NERSC logo National Energy Research Scientific Computing Center
  A DOE Office of Science User Facility
  at Lawrence Berkeley National Laboratory
 

IBM Compiler Optimization Argument Examples

This describes the compilation and run time impact on several different publicly available benchmarks of a variety of compiler optimization arguments.

Introduction

Publicly available benchmarks are compiled and run with several different sets of optimization options and the performance recorded. The time required to compile and link the code is also recorded, and the results summarized.

The following information is given for each benchmark:

  • The source of the benchmark, the source code changes required to enable it to compile and run on the SP, and the way the compiler is invoked to produce the executable, or, if a makefile is used, the changes to the makefile required for the code to run on the SP.
  • The elapsed time for a single threaded compile and link from source code for the given set of optimization arguments.
  • Either an internal time measurement like MFLOPs, if provided by the benchmark, or, if there is no internal timer, the elapsed time for a (possibly multi-threaded) run of the code on a dedicated system with the given set of options or the GFlops figure returned by the poe+ program.

The numbers given in the tables below for the individual benchmarks are the best of several dedicated runs in batch mode.

Linpack

The Linpack benchmark solves a dense set of linear equations. The version tested here is the 1000x1000 double precision version obtained from 1000d. It is contained in a single 755 line source code file containing 11 subroutines and functions in addition to the main driver. It is a simple Fortran 77 code originally written in 1978 and last modified in 1992.

Source Code Changes

All references to the second() in the source were replace with references to rtc().

Compile Changes

The code was compiled with the xlf compiler with no options beyond the optimization options.

Times

These runs were done with the 8.1.1.3 version of xlf in December, 2003.
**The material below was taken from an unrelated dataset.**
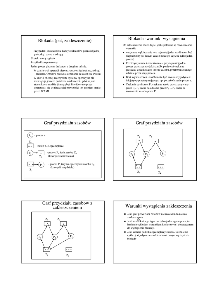 Blokada -warunki wystąpienia Blokada (pat, zakleszczenie) Przypadek: jednocześnie każdy z filozofów podniósł jedną pałeczkę i czeka na drugą. Skutek: umrą z głodu Przykład komputerowy: Jeden proces pisze na drukarce, a drugi na taśmie. W czasie tych operacji pierwszy proces żąda taśmy, a drugi - drukarki. Obydwa zaczynają czekanie aż zasób się zwolni. W chwili obecnej rzeczywiste systemy operacyjne nie rozwiązują jeszcze problemu zakleszczeń, gdyż są one stosunkowo rzadkie (i mogą być likwidowane przez operatora), ale w niedalekiej przyszłości ten problem stanie przed WAMI. Do zakleszczenia może dojść, jeśli spełnione są równocześnie warunki: wzajemne wykluczanie - co najmniej jeden zasób musi być niepodzielny (w danym czasie może go używać tylko jeden proces) Przetrzymywanie i oczekiwanie - przynajmniej jeden proces przetrzymuje jakiś zasób, ponieważ czeka na przydział dodatkowego innego zasobu, przetrzymywanego właśnie przez inny proces, Brak wywłaszczeń - zasób może być zwolniony jedynie z inicjatywy przetrzymującego, np. po zakończeniu procesu, Czekanie cykliczne: P1 czeka na zasób przetrzymywany przez P2, P2 czeka na oddanie przez P3 ... Pn czeka na zwolnienie zasobu przez P1 Graf przydziału zasobów Pn Graf przydziału zasobów - proces n Z1 Z3 Zn - zasób n, 3 egzemplarze - proces P3 żąda zasobu Z3 (krawędź zamówienia) P3 Z3 P1 P3 P2 - proces P1 trzyma egzemplarz zasobu Z2 (krawędź przydziału) P1 Z2 Z2 Graf przydziału zasobów z zakleszczeniem Warunki wystąpienia zakleszczenia Z1 Z3 P1 P3 P2 Z2 Z4 Z4 Jeśli graf przydziału zasobów nie ma cykli, to nie ma zakleszczenia, Z1 Jeśli zasób każdego typu ma tylko jeden egzemplarz, to istnienie cyklu jest warunkiem koniecznym i dostatecznym do wystąpienia blokady, Jeśli istnieje po kilka egzemplarzy zasobu, to istnienie cyklu jest jedynie warunkiem koniecznym wystąpienia blokady Metody postępowania z zakleszczeniami Stosowanie protokołu gwarantującego, że system nigdy nie wejdzie w stan zakleszczenia, Z1 Pozwolenie na występowanie zakleszczeń i podjęcie stosownych działań po takim fakcie, Zlekceważenie problemu (np. UNIX) - założenie, że zakleszczenia nie pojawiają się. Praktycznie w takich systemach zakleszczenia pojawiają się rzadko (np. raz do roku), więc raczej się nie inwestuje w kosztowne mechanizmy do unikania zakleszczeń lub ich likwidacji, a wykonuje się to ręcznie. Zapobieganie zakleszczeniom Trzeba zapewnić, aby nie wystąpił co najmniej jeden z warunków koniecznych: WzajemneZwykluczanie - nie można uniknąć tego 1 warunku, gdyż pewne zasoby są z natury niepodzielne, np. drukarki, Przetrzymywanie i oczekiwanie - trzeba zagwarantować, że gdy proces zamawia jakiś zasób, to nie przetrzymywuje innych zasobów - proces otrzymuje wszystkie zasoby przed rozpoczęciem działania, - proces może zamówić zasób, jeśli wcześniej oddał wszystkie pozostałe Wada- słabe wykorzystanie zasobów, możliwość głodzenia Zapobieganie zakleszczeniom, cd. Zapobieganie zakleszczeniom, cd. Brak wywłaszczeń - trzeba dopuścić, aby nie tylko proces mógł zwolnić zasoby Z1 - jeśli proces nie może dostać żądanego zasobu, to traci pozostałe i czeka na nie, - jeśli proces zamawia jakieś zasoby, to się sprawdza czy są dostępne jeśli tak, to się je przydziela, jeśli zasób jest trzymany przez inny proces, który czeka na jakieś zasoby, to mu się zasoby odbiera i daje zamawiającemu, w przeciwnym wypadku proces czeka i może utracić swoje zasoby. Unikanie zakleszczeń Każdy proces deklaruje maksymalną liczbę zasobów danego typu Z1 Stan przydziału zasobów jest określony przez liczbę dostępnych i przydzielonych zasobów oraz przez maksymalne zapotrzebowanie na zasoby Algorytm unikania zakleszczeń sprawdza stan przydziału zasobów i blokuje niektóre przydziały, aby nie doszło do czekania cyklicznego Jeśli porządek przydzielania zasobów procesom jest taki, że nie ma możliwości wystąpienia zakleszczeń, to system jest w stanie bezpiecznym Czekanie cykliczne - aby nie wystąpiło, trzeba zasobom tego samego typu nadać liczbowe identyfikatory (np. Z1 taśmy - 2, drukarki - 5) i trzeba dbać, aby proces zamawiał zasoby w rosnącym porządku numeracji, ewentualnie aby zwalniał zasoby o numeracji wyższej od zamawianego. Stan bezpieczny Jeżeli dla każdego procesu Pi (spośród P1..Pn) jego zapotrzebowanie na zasoby może być zaspokojone przez aktualnie dostępne zasoby, oraz przez zasoby używane Z1 przez wszystkie procesy Pj, gdzie j<i, to taki ciąg procesów jest bezpieczny. Jeżeli Pi nie ma danej chwili dostępnych wszystkich zasobów, to poczeka aż procesy Pj skończą działanie i oddadzą swoje zasoby Pi Po otrzymaniu wszystkich zasobów proces Pi może dokończyć pracę i zwolnić zasoby Wtedy proces Pi+1 może otrzymać zasoby (jeśli na nie czekał) itd. Graf przydziału zasobów - analiza stanu bezpiecznego Algorytm bankiera dla wielo-egzemplarzowych zasobów Z1 Z1 P1 P2 P1 P2 Z2 Z2 Stan zagrożenia Wykrywanie zakleszczeń Wywłaszczanie Jeśli nie unikamy zakleszczeń to w systemie muszą istnieć: a) Algorytmy wykrywania zakleszczenia Z1 b) Algorytmy likwidowania zakleszczenia ad. a): Tworzy się graf oczekiwania i okresowo wykonuje algorytm poszukiwania cykli w tym grafie ad. b): - Usunięcie wszystkich zakleszczonych procesów lub - Usuwanie procesów pojedynczo aż do wyeliminowania cyklu zakleszczenia Kryteria wyboru ofiary: 1. Priorytet 2. Czas wykonywania i pozostały do zakończenia, 3. Liczba i typ zasobów trzymanych przez proces, 4. Liczba procesów które trzeba będzie przerwać, 5. Proces interakcyjny czy wsadowy Mieszane metody unikania impasu zapobieganie unikanie wykrywanie Z1 Jeżeli podzielimy zasoby na różne klasy, np. a) zasoby wewnętrzne, zużywane przez system,np bloki kontrolne procesów, b) pamięć główna, c) zasoby zadania, np. przydzielone urządzenia, pliki d)

The Compile Time is the wall-clock time for the compile and link returned by the unix time command.

The MFLOPS result is that returned by the internal timer in the code.

Results

Optimization Compile MFLOPS
unoptimized  .52  49
-O2 1.36 243
-O3 -qstrict -qarch=pwr3 -qtune=pwr3 1.98 256
-O3 -qarch=pwr3 -qtune=pwr3 2.07 257
-O3 -qhot -qarch=pwr3 -qtune=pwr3 3.75 256
-O4 -qnohot 4.08 264
-O4 6.56 264
-O5 -qnohot 4.19 266
-O5 5.96 263

Comments

There was no significant difference in the code's performance at any optimization level when the threaded compiler (xlf_r) was used or when the mass library was included. In this case, the recommended optimization options, -O3 -qstrict -qarch=pwr3 -qtune=pwr3 compilation give close to the best performance obtainable by any other optimization options.

This example exhibits the limitations of the use of compiler options alone to improve a code's performance, since the best performance obtained on a single processor in this example attains only 18% of the processor's theoretically peak performance of 1.5 GFlops.
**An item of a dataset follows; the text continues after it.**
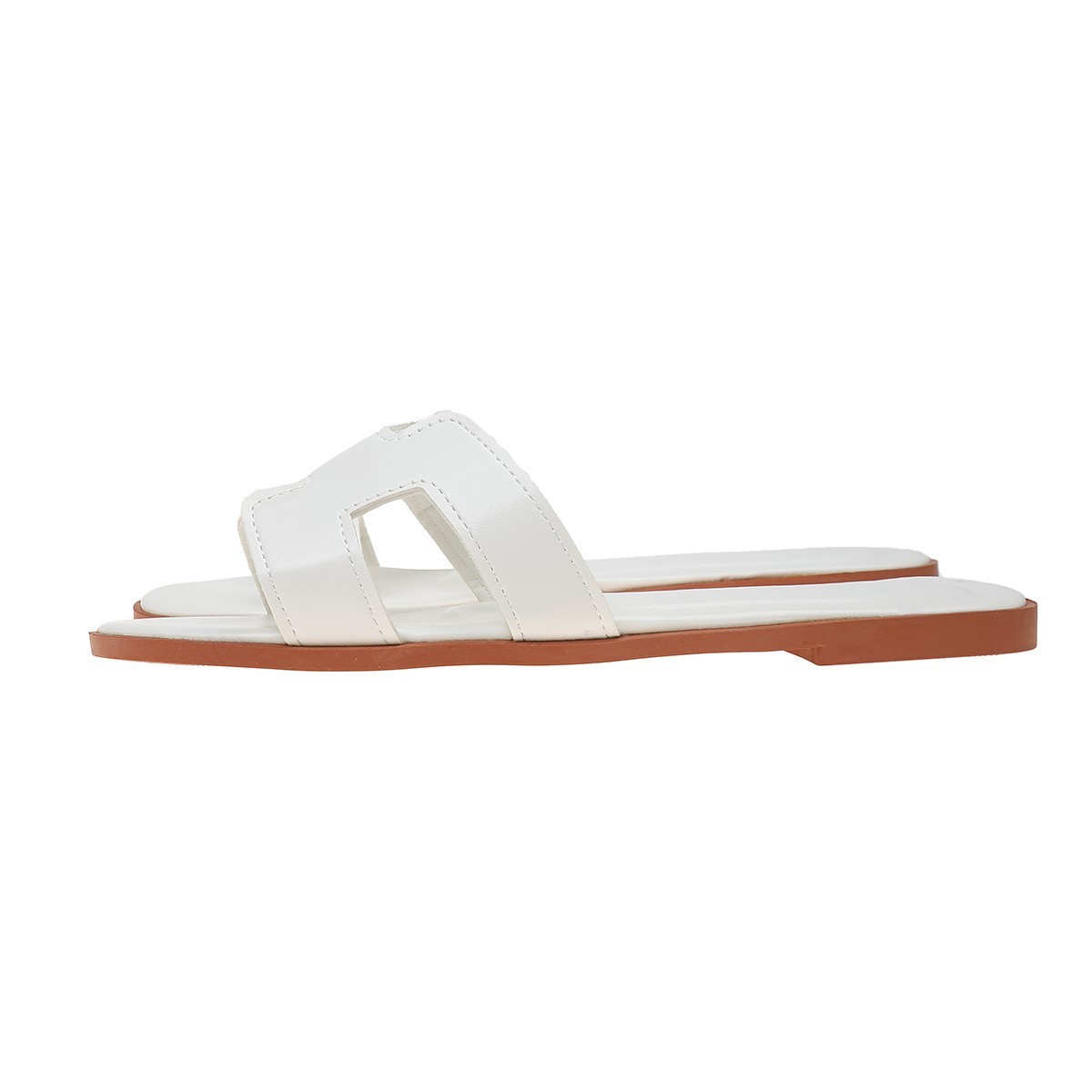 外贸大码凉鞋女2025夏季新款平底纯色一字欧美时尚外穿凉拖鞋女鞋

Most of the work in this example is done by four BLAS routines, daxpy, ddot, dscal, and idamax, that are also in the IBM high performance ESSL library. However, when the benchmark versions of these routines are replaced with the ESSL routines the performance attained is no better than 250 MFlops, worse than with the benchmark versions.

Fortran Livermore Loops

This version of the double precision Livermore Loop benchmark was obtained from livermore. This is the 1991 update of the benchmark whose earliest version dates from the 1970's. It contains 24 numeric kernels written in fairly straightforward, uncomplicated Fortran 77. Several summary figures are returned by the program at the end of the run.

Source Code Changes

The only changes to the original source required were to the timing routines. The SECOND function definition in the main routine at line 556 was uncommented:

	REAL*8 SECOND

These three lines, 4469-4471, in the SECOND function were commented out and replaced with a call to the system elapsed time measurement function rtc():

C         REAL*4 CPUTYM(4), ETIME
C         XT= ETIME( CPUTYM)
C         SECOND=    CPUTYM(1)
	second=rtc()

Compile Changes

The code was compiled with the xlf compiler with no additional arguments beyond those for optimization.

Timers

The internal Compile Time result is the seconds required to compile and link the test program. To compare the effects of the various optimization levels, the Average (mean), Minimum, and Maximum MFLOP Rates for the loops returned by the code are listed.

Livermore Loop MFLOPS

Optimization Compile Time Average Minimum Maximum
unoptimized  1.63  48 11  141
-O2  8.73 245 22  995
-O3 -qstrict -qarch=pwr3 -qtune=pwr3 14.22 322 60 1259
-O3 -qarch=pwr3 -qtune=pwr3 15.07 339 60 1257
-O3 -qhot -qarch=pwr3 -qtune=pwr3 67.62 315 58  996
-O4 -qnohot 34.08 353 58 1532
-O4 80.04 321 58  998
-O5 -qnohot 49.10 360 58 1541
-O5 91.23 319 58  997

Comments

The performance of this benchmark is significantly degraded when the -qhot option is specified. Not only is the compile time greatly increased, but both the Average and Maximum MFLOPS are significantly worse than the corresponding optimization level without the -qhot option. This may be due to the fact that all of the loops are fairly small and uncomplicated, and the sophisticated analysis and loop restructuring done by this option add too much overhead at execution time.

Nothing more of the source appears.